What inspired you to create the Alzheimer’s and Brain Fitness Specialist Course and what do you hope sports professionals will take away from this course and apply in their work?

Most neurodegenerative diseases are caused – and preventable – by lifestyle factors within the scope of practice of exercise professionals and health coaches: physical activity, exercise, nutrition, stress management, sleep and social connection.

Second, presenting an exercise and movement model that is, by design, interactive and reactive makes for a more enjoyable experience. Research shows that people work harder without reporting a subjective increase in intensity. In other words, the extra effort doesn’t feel so heavy.

The population is growing older and this cohort has both the resources – in terms of time and money – and the motivation to improve brain function now and prevent disease later. This is a great opportunity for professionals to make money by changing lives by changing people’s minds about exercise.

Is there anything else you’d like to say about this topic that we haven’t covered yet?

For most of human history, we had to solve problems directly related to survival in a variable and often threatening environment. This required us to think and move at the same time.

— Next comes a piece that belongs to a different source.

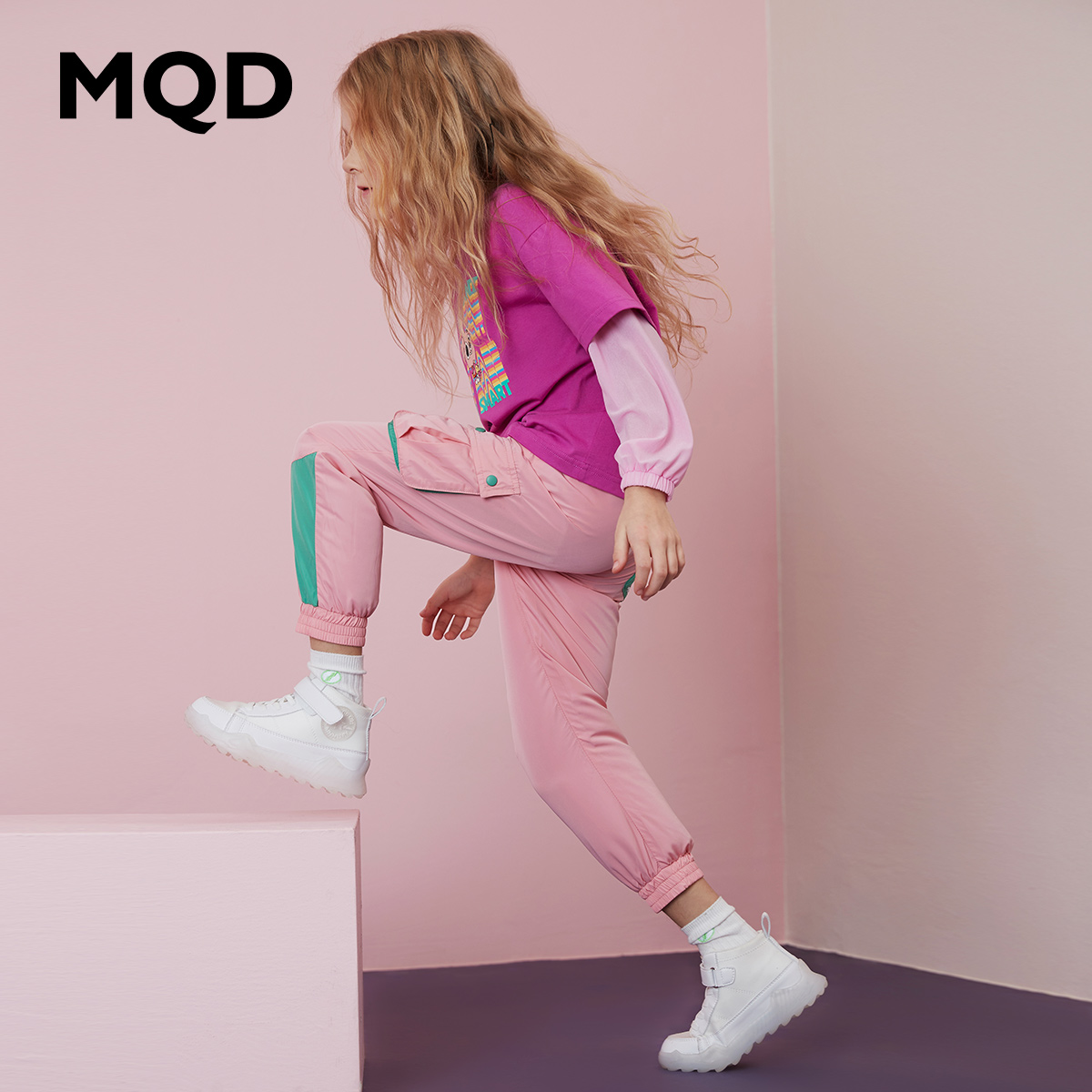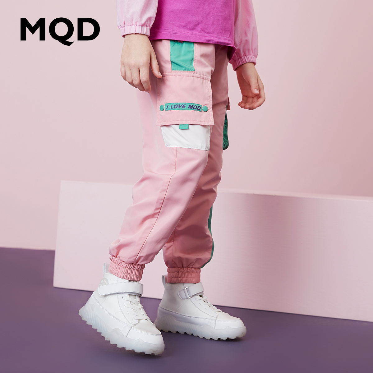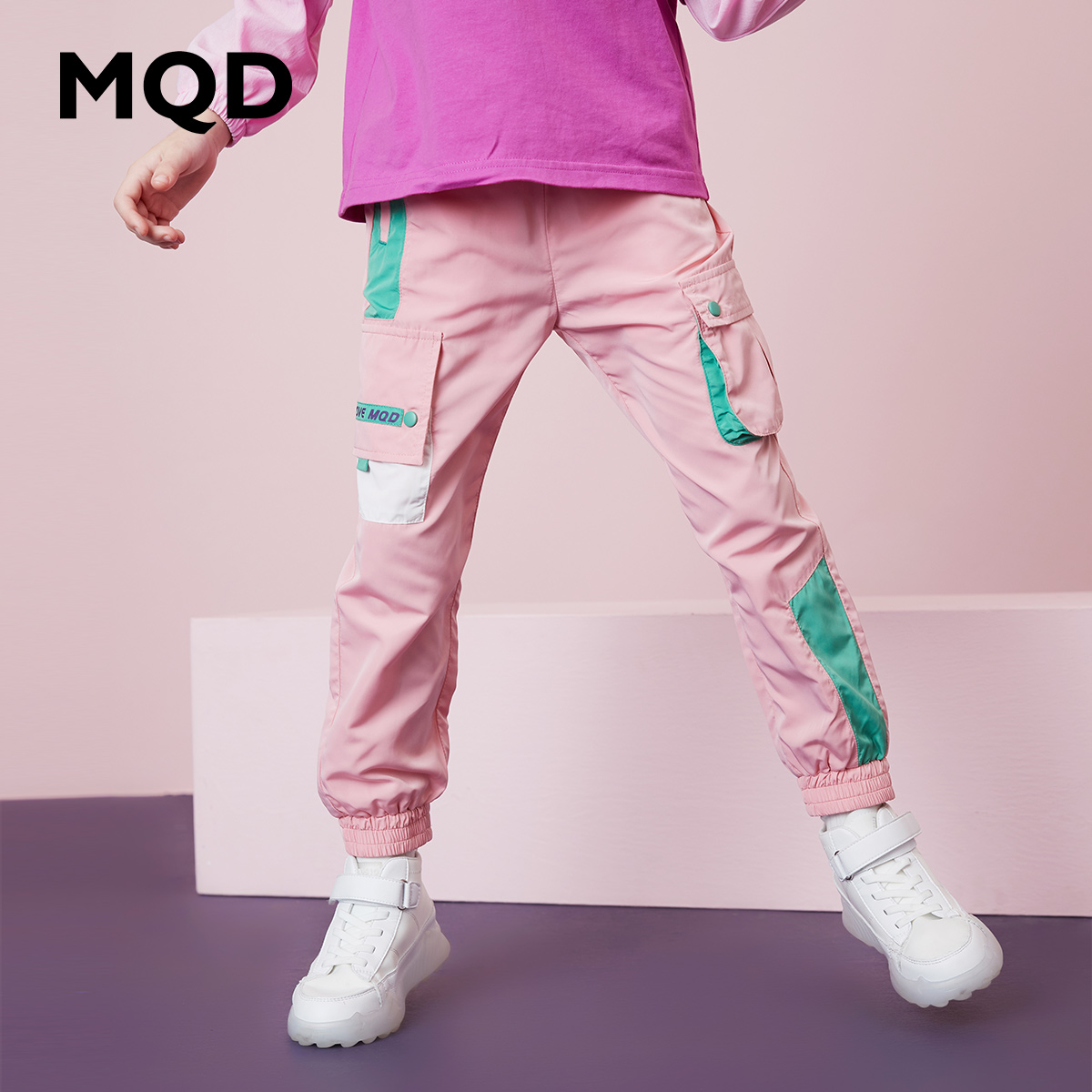 MQD children's clothing girls autumn casual pants 21 new children's middle and big children's color overalls sports tie pants tide

Modern life is about sitting still and thinking, thinking, thinking all day at work and then moving, often turning off our brains and doing routine, non-involving exercises. We have separated thinking from moving, and we are suffering because of it.

Two final thoughts: Integrating physical and cognitive fitness can also improve one’s attitudes and feelings about exercise. This makes long-term treatment compliance much more likely and easier to achieve. And for anyone providing care to someone with a cognitive condition, the interactive strategies discussed in the course provide the same benefits, while also introducing some much-needed lightness and fun to the caregiver-patient interaction.




If you are interested in learning more from Jonathan about the impact of exercise on brain healthto consider completing the Alzheimer’s Fitness Specialist Course (worth 2.0 ACE CECs). This course, in which exercise science is combined with brain science, will help you design programming that improves memory, coordination, attention and self-confidence, including specific strategies to add powerful mental challenges to your clients’ physical workouts.